For the moment, only Elan files without a linked media file and that only contain text-based annotations are properly handled. Moreover, the module has been developed within the framework of one specific project (Deutsch Diachron Digital), which may lead to some unexpected behavior when exposed to alien files. Nonetheless, the development of the mapping has been oriented towards generic functionality. In case of problems, please contact the developer. The first step in the mapping to Salt consists of the creation of a so called STextualDS, which contains the complete text that is going to be annotated. The tier in Elan that holds the text is given by the user in the special properties. The second step in the mapping to Salt consists of creating so-called STokens. These STokens are calculated on the basis of the tier in the list of segmentation-tiers that has the most amount of annotations (Note that this might be an assumption that does not hold for your files). The other tier(s) in the segmentation layer parameter is used to create (a) segmentation layer(s) that contains Salt Spans, which are given SOrderRelations (if wanted). The actual mapping of the Elan annotations to Salt Annotations takes the simple form of a loop in a loop. For every tier in Elan, that tier is considered from left to right (i.e. from beginning to the end). For every encountered Elan annotation on the tier, a corresponding SSpan on the segmentation layer is searched. If an SSpan is found with an identical time slot, the annotation for the current tier is added to the SSpan. If the Elan annotation has no corresponding SSpan, it might be the case that the Elan annotation is a span of SSpans. If that is the case, the Elan annotation is added to this newly created span of SSpan. If the Elan annotation is shorter than all available SSpan, then this might be a subtoken, below the segmentation layer. Since we have all the STokens available, we can simply search for the (group of) STokens(s) that match the length of the Elan Annotation.

Properties

The table contains an overview of all usable properties to customize the behavior of this pepper module. The following section contains a close description to each single property and describes the resulting differences in the mapping to the salt model.

Name of property Type of property optional/ mandatory default value
elan.importer.primTextTierName textual value mandatory
elan.importer.segTierNames textual value mandatory
elan.importer.ignoreTierNames textual value optional
elan.importer.addSOrderRelation Boolean optional true

elan.importer.primTextTierName

Name of the tier containing the primary text. If the primary text is split out over multiple segments in Elan, then the values of all segments will be concatenated, including whitespace. The concatenated string is set as STextualDS in Salt. Only a single tiername is allowed in this property.

elan.importer.segTierNames

Names of the tiers that will be used as segmentation layers. It is possible to only set a single segmentation layer.
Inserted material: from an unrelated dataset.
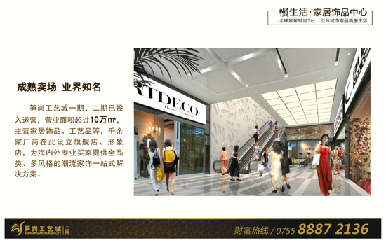 核心提示:筍崗工藝城地處羅湖區(qū)寶安北路與桃園路交匯處,位于政府恢弘規(guī)劃的筍崗家居飾品產(chǎn)業(yè)集聚地核心區(qū)域,自開業(yè)以來獲得了政府、市場和權(quán)威媒體的高度關(guān)注和支持,連續(xù)舉辦了數(shù)屆深圳文博會分會場,并獲得了深圳市重點(diǎn)文化企業(yè)、深圳市文化產(chǎn)業(yè)基地、深圳市文化+旅游型示范園區(qū)等二十余項(xiàng)榮譽(yù)稱號。筍崗工藝城致力于成為國內(nèi)領(lǐng)先、國際化的家居飾品高端專業(yè)市場運(yùn)營商,整體規(guī)劃30萬㎡,將打造成為超大規(guī)模的全球家飾采購中心。

Segmentation layers are useful when there are subtoken annotations (i.e. annotations of parts in the STextualDS that are not typically considered as tokens), because it allows the end-user to select which segmentation he or she wants to see. Multiple tiernames are allowed in this property, and tiernames should be separated by commas.

elan.importer.ignoreTierNames

Names of the tiers that will be ignored. Sometimes, specific Elan tiers are not needed in another format (e.g. annotator comments), and this parameter allows you to get rid of them. Obviously, these tiernames can not be in the previous two properties. Multiple tiernames are supported in this property, and tiernames should be separated by means of commas.

elan.importer.addSOrderRelation

Determines if, this module shall add SOrderRelations to the segmentation layer(s). If only one segmentation layer is provided, no order relations are needed, and they will not be set. This property is default set to true, because it does not make much sense to have this to false.